Les délégués ont lancé l'Appel en sept points:

1- Solidarité

des victimes de l'Agent orange/dioxine avec toutes les victimes des autres armes de destruction massive en particulier l'uranium appauvri.

2- Organisation

dans chaque pays, dans chaque région, une mise en place des organisations avec des programmes spécifiques pour mobiliser des ressources matérielles pour faire entendre la voix des victimes.

3- Etudes et recherches

par des scientifiques et des experts en santé environnementale et humaine pour la prévention et la protection des générations à venir.

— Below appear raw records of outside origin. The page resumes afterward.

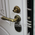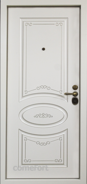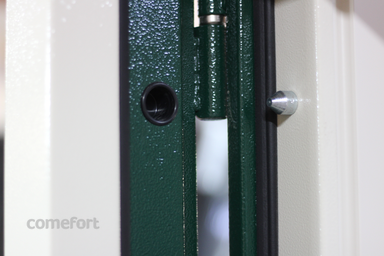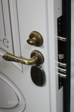 Защитные свойства данной модели придает замок Гардиан 30.11 - 3 класса защиты, сувальдный с защелкой, производство - Россия. Хромированные противосъемные штыри служат дополнительной защитой двери от выпиливания. Ночная задвижка позволяет фиксировать положение входной двери в закрытом состоянии изнутри.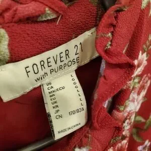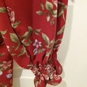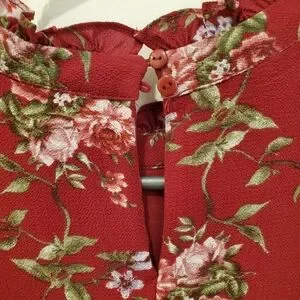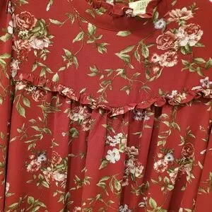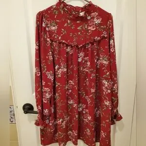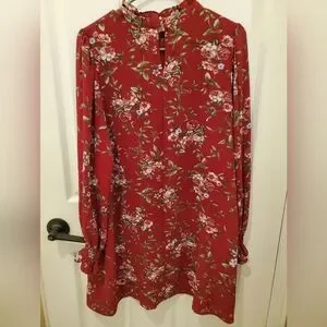 Like new, worn once. Floral high neck long sleeve mini dress, Raspberry colour, size L, loose and flowy, lined, long sleeve with elasticated ruffle cuffs, button closure, ruffle detailing, hits above knee, very pretty florals, feminine.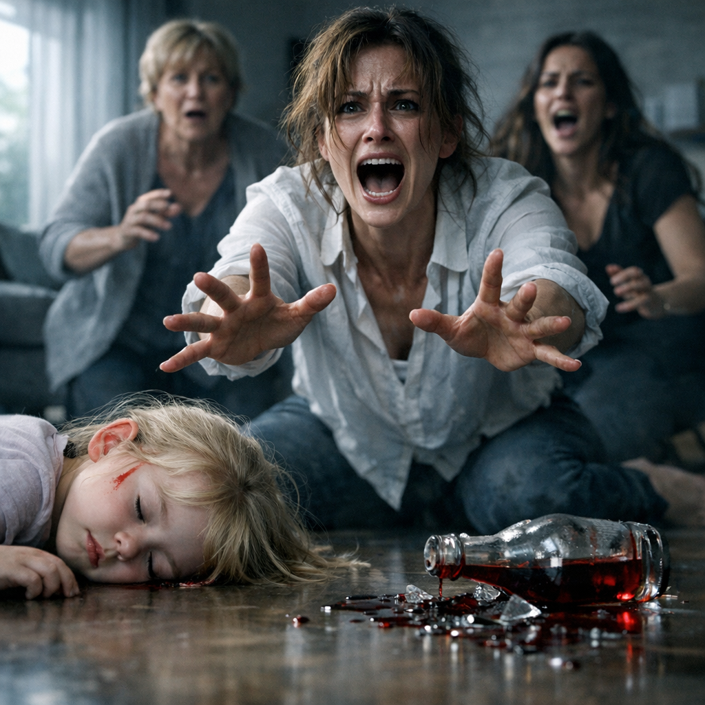 The scream tore out of my throat, raw and animalistic. I scrambled across the room, knocking over the wine decanter. The expensive Cabernet spilled across the floor like blood, pooling around my daughter’s head.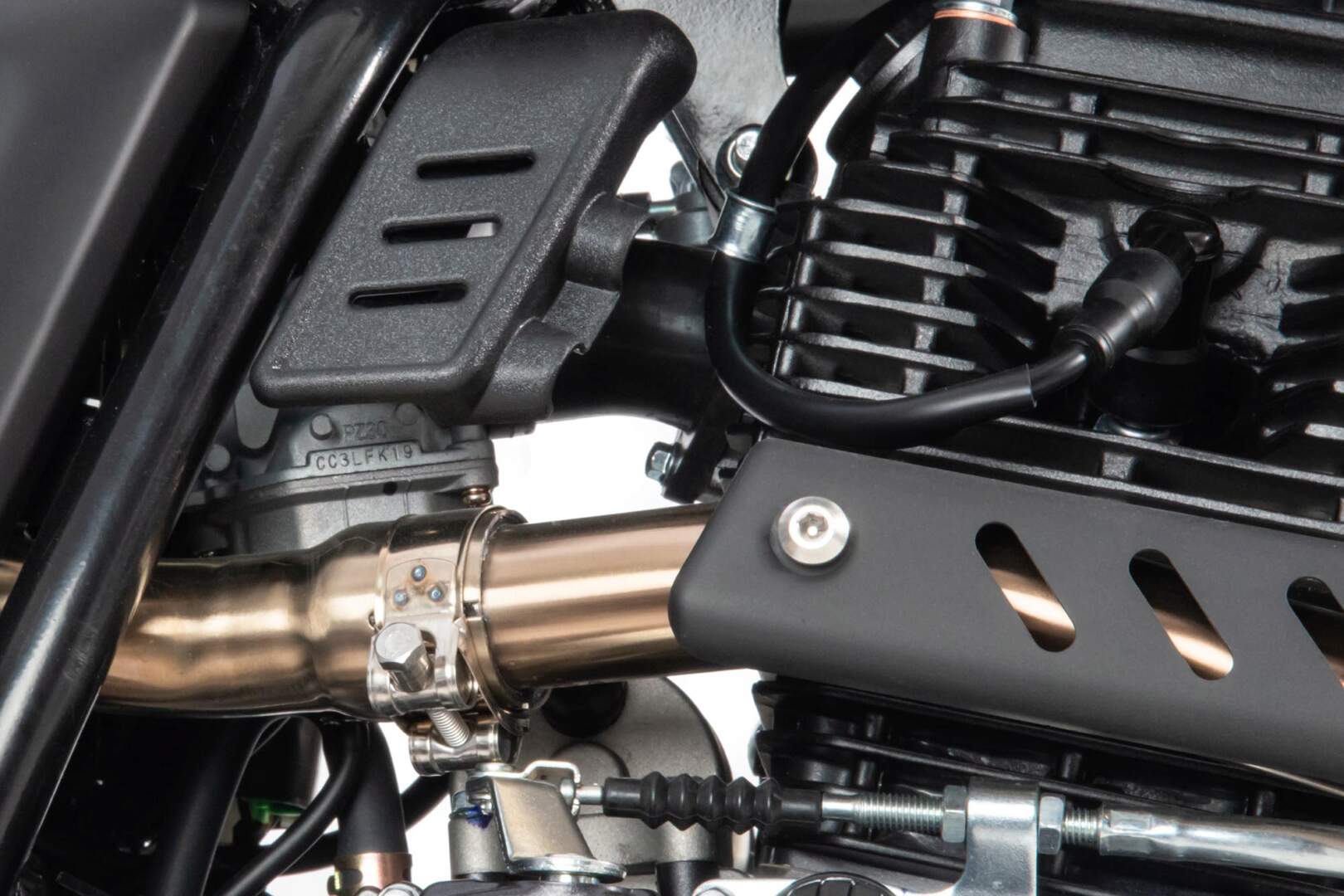 Впуск оснащен карбюратором Keihin PZ30, выпуск – титановым выхлопом от Motoland.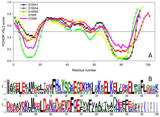 (A) Intrinsic disorder predisposition of human S100B protein in comparison with the disorder profiles of human S100 proteins capable of IFN-β binding, estimated using PONDR® VSL2 algorithm (http://www.pondr.com/ accessed on 26 November 2021). The plot represents data for the sequences aligned using Clustal Omega [64], and breaks in the curves correspond to the alignment gaps. (B) Sequence logo representation of human S100B, S100A1, S100A4, S100A6, and S100P proteins generated by the WebLogo tool (http://weblogo.threeplusone.com/ accessed on 26 November 2021) [65,66].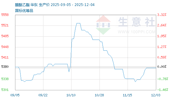 12月3日生意社醋酸乙酯基准价为5376.67元/吨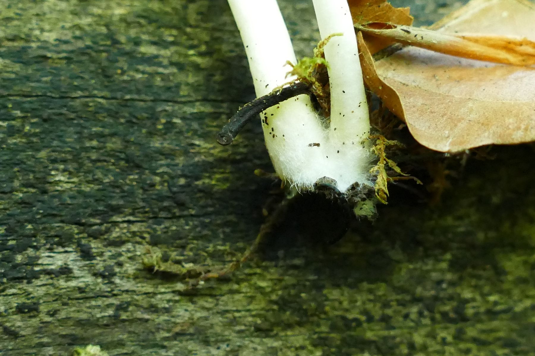 Der kegelige Hut ist recht dünnfleischig und sitzt auf einem dünnen Stiel (max 3,5mm dick).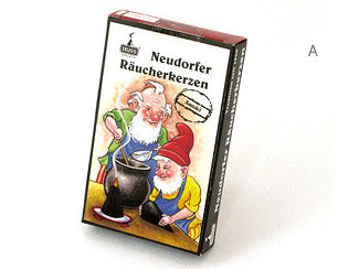 木のおもちゃでもよく知られているエルツ地方にあるノイドルフという村でこのお香は作られています。1930年創業のHUSS社は昔ながらの製法にこだわり続けています。材料は木炭、澱粉、天然樹脂などで、現在では貴重なお香だということです。たくさんの種類のお香がありますが、当店では5種をご紹介します。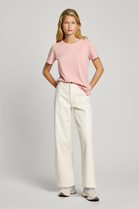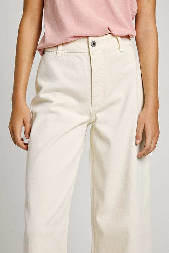 מכנסיים רחבים בגזרה גבוהה TANIA בצבע שמנת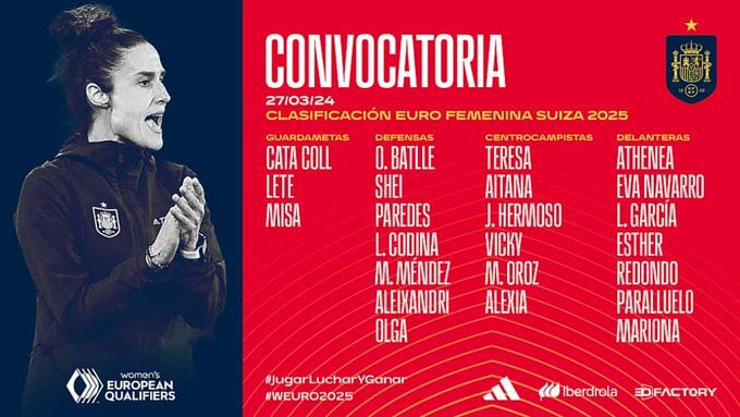 Siguen sin ser convocadas Patri Guijarro y Claudia Pina, campeonas del mundo, tampoco Mapi León, recién recuperada de una lesión, pero sí Alexia Putellas; también regresa Esther González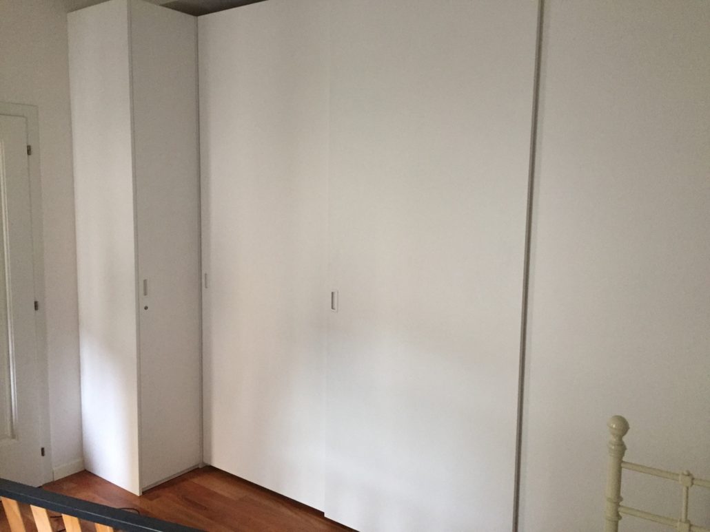 ..un armadio ad ante scorrevoli che copre completamente la lunghezza della parete.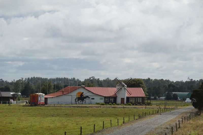 Los Muermos is situtated on a hill, so for the first part of the day we descended through undulating farmland. In the far distance were wind turbines. This usually implies we are headed for headwind.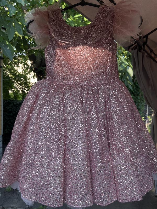 Шикарна святкова сукня на дівчинку, зріст 110, пишна юбка, плечики декоровані пірʼячком, на блискавці, на спинці зйомний бант, одягнена один раз.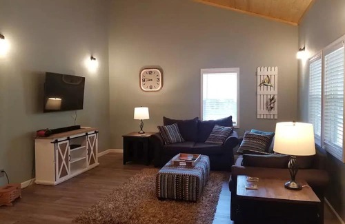 Forget your worries in this newly built spacious and serene space in a country setting. We are located 15 minutes from the Tennessee River (any boaters out there?) and Kentucky Lake and Pickwick Dam are close by as well. Boat/trailer parking is available on site. We are also a short drive from Chickasaw and Pinson Mounds State Parks, Shiloh National Park and K&M Shooting Complex. For guests with pets, we have a small, medium, and large crate for your use if/when pet must stay in the cabin without you.

4- Une Commission des Nations Unies concernant les armes et les crimes de guerre :

doit être constituée rapidement pour prévenir les actes en violation de toutes les lois internationales et interdisant les crimes de guerre et les crimes contre l'humanité. 

5- Responsabilité et engagement des Etats-Unis et des entreprises américaines

Le gouvernement des Etats-Unis et les entreprises chimiques productrices de la dioxine notamment Monsanto et Dow Chemical doivent s'engager pour dédommager financièrement les victimes de l'Agent orange/dioxine et décontaminer techniquement les "points chauds".

6- Divulgation de l'emplacement des sites d'entreposage de l'Agent orange/dioxine au Vietnam par les Etats-Unis et les entreprises chimiques américaines.

7- Partenariat avec l'Association vietnamiennes pour les victimes de l'Agent orange/dioxine (VAVA)

VAVA, représentant légal et moral des victimes de l'Agent orange/dioxine agit pour et par les victimes afin de faire entendre leurs voix.

contacts à travers son site : www.vava.org.vn

 

Nous déclarons qu'une action immédiate doit être prise en urgence pour soutenir les victimes. Déjà un demi siècle c'est trop long. Ensemble, nous nous engageons à travailler pour être assurés qu'une justice différée ne soit pas une justice refusée.